About this exercise » When you reach the line containing "此外,华为FreeBuds 5耳机支持三" in the records below, start copying exactly, and stop once you have copied the line containing "Unsere Almhütte Zillertal liegt".

BEGIN Input data

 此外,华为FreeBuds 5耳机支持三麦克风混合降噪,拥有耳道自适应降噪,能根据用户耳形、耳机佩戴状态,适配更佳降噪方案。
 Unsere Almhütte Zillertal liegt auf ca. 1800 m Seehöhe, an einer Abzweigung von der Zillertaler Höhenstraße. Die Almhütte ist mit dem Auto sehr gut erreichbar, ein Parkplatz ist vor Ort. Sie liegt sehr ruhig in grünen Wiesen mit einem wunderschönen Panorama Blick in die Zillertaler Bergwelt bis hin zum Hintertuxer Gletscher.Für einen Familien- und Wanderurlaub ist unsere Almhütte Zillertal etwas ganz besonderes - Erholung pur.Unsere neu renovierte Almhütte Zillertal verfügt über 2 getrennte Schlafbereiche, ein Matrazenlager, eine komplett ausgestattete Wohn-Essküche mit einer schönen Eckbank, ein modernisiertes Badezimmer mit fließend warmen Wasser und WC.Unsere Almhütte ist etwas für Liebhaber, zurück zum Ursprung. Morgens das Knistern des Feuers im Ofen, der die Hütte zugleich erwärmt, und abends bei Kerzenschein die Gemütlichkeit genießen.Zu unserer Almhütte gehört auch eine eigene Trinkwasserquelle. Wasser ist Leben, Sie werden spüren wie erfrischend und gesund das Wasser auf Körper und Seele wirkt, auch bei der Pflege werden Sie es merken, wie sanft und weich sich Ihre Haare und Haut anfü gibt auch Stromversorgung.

END Input data
BEGIN Input data

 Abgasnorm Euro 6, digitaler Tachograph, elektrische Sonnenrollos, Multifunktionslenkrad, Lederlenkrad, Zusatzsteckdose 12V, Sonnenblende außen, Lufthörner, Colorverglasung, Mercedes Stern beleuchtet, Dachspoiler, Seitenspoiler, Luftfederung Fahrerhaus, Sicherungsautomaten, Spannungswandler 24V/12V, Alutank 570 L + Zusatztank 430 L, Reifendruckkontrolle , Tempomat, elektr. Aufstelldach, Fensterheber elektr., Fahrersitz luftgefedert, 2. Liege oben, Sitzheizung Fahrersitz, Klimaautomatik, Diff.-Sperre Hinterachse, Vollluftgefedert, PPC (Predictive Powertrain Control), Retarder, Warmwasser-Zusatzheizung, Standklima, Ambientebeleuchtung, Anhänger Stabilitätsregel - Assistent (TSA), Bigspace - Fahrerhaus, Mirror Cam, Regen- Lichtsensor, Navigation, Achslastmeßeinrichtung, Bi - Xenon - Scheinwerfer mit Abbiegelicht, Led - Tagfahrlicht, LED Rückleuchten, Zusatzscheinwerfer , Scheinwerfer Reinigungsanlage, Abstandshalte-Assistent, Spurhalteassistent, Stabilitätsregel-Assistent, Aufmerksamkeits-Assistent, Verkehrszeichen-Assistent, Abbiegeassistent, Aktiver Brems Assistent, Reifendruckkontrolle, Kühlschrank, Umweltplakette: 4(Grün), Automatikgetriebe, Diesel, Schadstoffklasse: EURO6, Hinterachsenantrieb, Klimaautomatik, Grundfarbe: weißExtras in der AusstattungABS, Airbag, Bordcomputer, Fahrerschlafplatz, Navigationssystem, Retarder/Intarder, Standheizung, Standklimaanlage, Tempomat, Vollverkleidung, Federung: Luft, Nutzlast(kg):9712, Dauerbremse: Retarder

END Input data

Result »
 此外,华为FreeBuds 5耳机支持三麦克风混合降噪,拥有耳道自适应降噪,能根据用户耳形、耳机佩戴状态,适配更佳降噪方案。
 Unsere Almhütte Zillertal liegt auf ca. 1800 m Seehöhe, an einer Abzweigung von der Zillertaler Höhenstraße. Die Almhütte ist mit dem Auto sehr gut erreichbar, ein Parkplatz ist vor Ort. Sie liegt sehr ruhig in grünen Wiesen mit einem wunderschönen Panorama Blick in die Zillertaler Bergwelt bis hin zum Hintertuxer Gletscher.Für einen Familien- und Wanderurlaub ist unsere Almhütte Zillertal etwas ganz besonderes - Erholung pur.Unsere neu renovierte Almhütte Zillertal verfügt über 2 getrennte Schlafbereiche, ein Matrazenlager, eine komplett ausgestattete Wohn-Essküche mit einer schönen Eckbank, ein modernisiertes Badezimmer mit fließend warmen Wasser und WC.Unsere Almhütte ist etwas für Liebhaber, zurück zum Ursprung. Morgens das Knistern des Feuers im Ofen, der die Hütte zugleich erwärmt, und abends bei Kerzenschein die Gemütlichkeit genießen.Zu unserer Almhütte gehört auch eine eigene Trinkwasserquelle. Wasser ist Leben, Sie werden spüren wie erfrischend und gesund das Wasser auf Körper und Seele wirkt, auch bei der Pflege werden Sie es merken, wie sanft und weich sich Ihre Haare und Haut anfü gibt auch Stromversorgung.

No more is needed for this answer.